The concept of the hologram table in film and science fiction is hardly new, but because of the many technical difficulties inherent to executing the concept, the idea has yet to be realized. This difficulty originates from the fact that holograms are computer-generated stereo images, dependent on the perspective of the viewer. When a group of people in different positions look at a hologram, the illusion “breaks” as they don't get the same perspective on it and it doesn't change as they move. Computer-generated holograms work by tracking the viewer — but which viewer does the computer track when there's more than one?
Euclideon has solved this riddle in a world's first — without a gigantic helmet that no one wants to wear, which is the fatal flaw of many multi-user VR/AR systems.
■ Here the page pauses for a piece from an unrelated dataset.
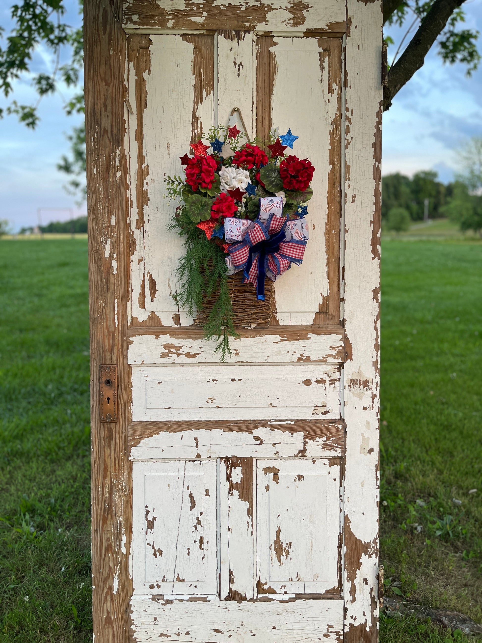 Bring a festive and patriotic spirit to your home with this stunning basket wreath. Order now and enjoy the charm and elegance it brings to your decor!

After all, it's hard to interact with your friends if you're all inside helmets.
Glasses, Not Helmets
The Unlimited Detail (UD) 3D graphics processing engine is what first brought Euclideon renown in the gaming community. The UD engine made it possible for users to be immersed in huge, amazingly detailed, 3D virtual environments, without special graphics cards or high-end computers. And while it didn't excel with the dynamic motion of objects or physics, its strength in geospatial imaging forms the basis for the new table.
Euclideon's table requires that users wear only a small, light pair of motion-trackable glasses, which look and feel a lot like 3D glasses. These are much more practical for meetings and social events than huge VR/AR helmets, not to mention more comfortable. As users wear the glasses, the table tracks their eye positions, building a custom image for a potential total of eight user eyes. The table itself is a screen, and the device is made up of projectors that rest beneath a unique film which is sandwiched between two pieces of glass. The result is a mass of mixed up, colored images that the glasses separate out for users, enabling them to see binocular stereo holograms specific to their location.
The glasses themselves have special crystal film layers over them, which can change the frequencies of light waves. When users wear the glasses, the computer can tell which light waves belong to which users. The glasses have small boxes at the temples which contain tiny microcomputers and microchips similar to the VR headset's tracking jiggers, signaling the user's position to the table.
Euclideon is currently about to begin the manufacturing process and expects their tables to be ready in February of 2018.